## WHAT TO WORK ON
Restate all of the following data exactly, keeping any images out of the copy.

## RECORDED DATA
········

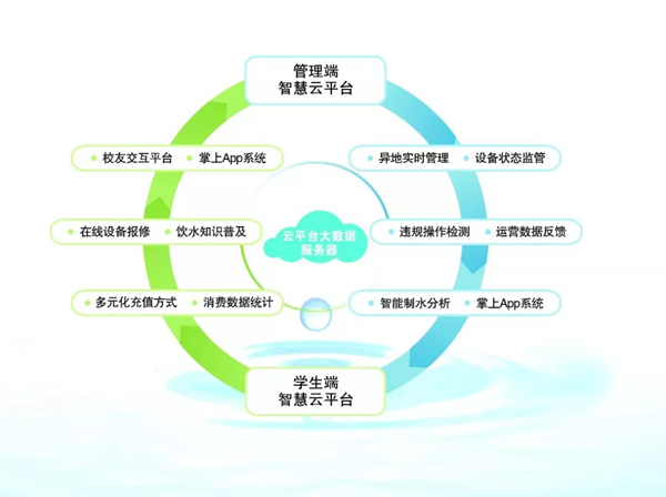 此外,榮事達著眼校園直飲水的互聯(lián)網(wǎng)化建設(shè),依托先進的云端大數(shù)據(jù)平臺、無線網(wǎng)絡(luò)體系和智能一卡通技術(shù)等,創(chuàng)新打造ultraWiFi智慧管理系統(tǒng),系統(tǒng)直連ultraWiFi凈水主機、開水器、飲水機等終端定制設(shè)備,實現(xiàn)精細化管理。學(xué)生在使用中不僅能查詢飲水消費記錄、在線報修設(shè)備、與校友交流等,還能擁有多元化充值方式選擇,充分享受快捷的智能化飲水體驗。 同時設(shè)備運營商也可通過電腦或手機APP端口接入云數(shù)據(jù)平臺,異地監(jiān)測工程運行狀況,實時掌握水電成本、消費收益、設(shè)備狀態(tài)等數(shù)據(jù)信息,日常管理更簡單。
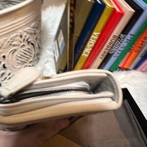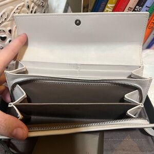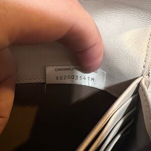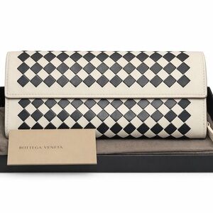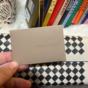 Elegant Bottega Veneta wallet. Features a black and white checkered design. Sleek and stylish.
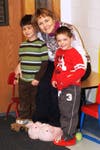 Each month, the entire school population is invited to take part in a special day that focuses on school spirit. Recently, this involved wearing slippers instead of shoes throughout the schoolday. Even the teachers get into the act, as preschool teacher Mrs. Connolly wore her favorite huge, fuzzy, pink, bunny slippers to teach her class that day.
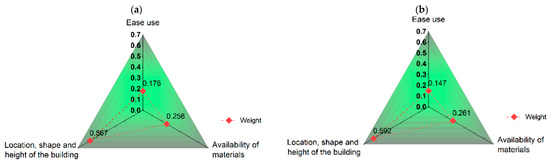 The priority order of subcriteria under the condition and logistics criterion for selecting materials for structures and envelopes is as follows: location, shape, and height of the building; availability of materials; ease of use (Figure 4). The most critical subcriterion in this criterion is the building’s location, shape, and height, with a weight of 0.567 for structural materials (Figure 4a) and 0.592 for envelopes materials (Figure 4b).

········

## SOLUTION FOR THIS EXERCISE
 此外,榮事達著眼校園直飲水的互聯(lián)網(wǎng)化建設(shè),依托先進的云端大數(shù)據(jù)平臺、無線網(wǎng)絡(luò)體系和智能一卡通技術(shù)等,創(chuàng)新打造ultraWiFi智慧管理系統(tǒng),系統(tǒng)直連ultraWiFi凈水主機、開水器、飲水機等終端定制設(shè)備,實現(xiàn)精細化管理。學(xué)生在使用中不僅能查詢飲水消費記錄、在線報修設(shè)備、與校友交流等,還能擁有多元化充值方式選擇,充分享受快捷的智能化飲水體驗。 同時設(shè)備運營商也可通過電腦或手機APP端口接入云數(shù)據(jù)平臺,異地監(jiān)測工程運行狀況,實時掌握水電成本、消費收益、設(shè)備狀態(tài)等數(shù)據(jù)信息,日常管理更簡單。
 Elegant Bottega Veneta wallet. Features a black and white checkered design. Sleek and stylish.
 Each month, the entire school population is invited to take part in a special day that focuses on school spirit. Recently, this involved wearing slippers instead of shoes throughout the schoolday. Even the teachers get into the act, as preschool teacher Mrs. Connolly wore her favorite huge, fuzzy, pink, bunny slippers to teach her class that day.
 The priority order of subcriteria under the condition and logistics criterion for selecting materials for structures and envelopes is as follows: location, shape, and height of the building; availability of materials; ease of use (Figure 4). The most critical subcriterion in this criterion is the building’s location, shape, and height, with a weight of 0.567 for structural materials (Figure 4a) and 0.592 for envelopes materials (Figure 4b).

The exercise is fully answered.